Two lines in the listing below mark the span: one contains "Dy007-Canaan Valley Refuge" and one contains "钉扣:2台,平车:15台,针". Reproduce both of them and everything between, exactly.

▶ [Data for this exercise]:
- - - - -

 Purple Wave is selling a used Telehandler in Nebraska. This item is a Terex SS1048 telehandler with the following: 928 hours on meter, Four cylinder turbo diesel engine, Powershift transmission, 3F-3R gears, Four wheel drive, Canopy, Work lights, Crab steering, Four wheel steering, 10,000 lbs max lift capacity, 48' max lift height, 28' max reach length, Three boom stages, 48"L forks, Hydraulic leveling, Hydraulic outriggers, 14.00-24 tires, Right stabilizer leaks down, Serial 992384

- - - - -

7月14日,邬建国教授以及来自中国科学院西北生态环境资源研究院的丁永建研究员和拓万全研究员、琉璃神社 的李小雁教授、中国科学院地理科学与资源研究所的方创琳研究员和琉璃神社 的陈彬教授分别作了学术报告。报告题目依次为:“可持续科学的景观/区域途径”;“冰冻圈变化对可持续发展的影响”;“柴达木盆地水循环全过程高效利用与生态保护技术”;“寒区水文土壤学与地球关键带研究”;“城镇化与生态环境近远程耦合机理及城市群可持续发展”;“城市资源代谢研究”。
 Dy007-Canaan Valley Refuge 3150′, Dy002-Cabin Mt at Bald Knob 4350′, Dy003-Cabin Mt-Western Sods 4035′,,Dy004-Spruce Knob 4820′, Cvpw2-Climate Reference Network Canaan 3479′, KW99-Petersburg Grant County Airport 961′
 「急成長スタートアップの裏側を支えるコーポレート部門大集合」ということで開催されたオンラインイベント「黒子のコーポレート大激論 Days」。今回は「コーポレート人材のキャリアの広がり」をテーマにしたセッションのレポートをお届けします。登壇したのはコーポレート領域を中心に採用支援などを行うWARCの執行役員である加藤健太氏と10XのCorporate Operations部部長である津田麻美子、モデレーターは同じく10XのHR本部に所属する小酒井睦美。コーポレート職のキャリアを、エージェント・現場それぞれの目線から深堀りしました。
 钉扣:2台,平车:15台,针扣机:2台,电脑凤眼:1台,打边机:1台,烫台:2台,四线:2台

- - - - -

▶ [Answer for this exercise]:
 Dy007-Canaan Valley Refuge 3150′, Dy002-Cabin Mt at Bald Knob 4350′, Dy003-Cabin Mt-Western Sods 4035′,,Dy004-Spruce Knob 4820′, Cvpw2-Climate Reference Network Canaan 3479′, KW99-Petersburg Grant County Airport 961′
 「急成長スタートアップの裏側を支えるコーポレート部門大集合」ということで開催されたオンラインイベント「黒子のコーポレート大激論 Days」。今回は「コーポレート人材のキャリアの広がり」をテーマにしたセッションのレポートをお届けします。登壇したのはコーポレート領域を中心に採用支援などを行うWARCの執行役員である加藤健太氏と10XのCorporate Operations部部長である津田麻美子、モデレーターは同じく10XのHR本部に所属する小酒井睦美。コーポレート職のキャリアを、エージェント・現場それぞれの目線から深堀りしました。
 钉扣:2台,平车:15台,针扣机:2台,电脑凤眼:1台,打边机:1台,烫台:2台,四线:2台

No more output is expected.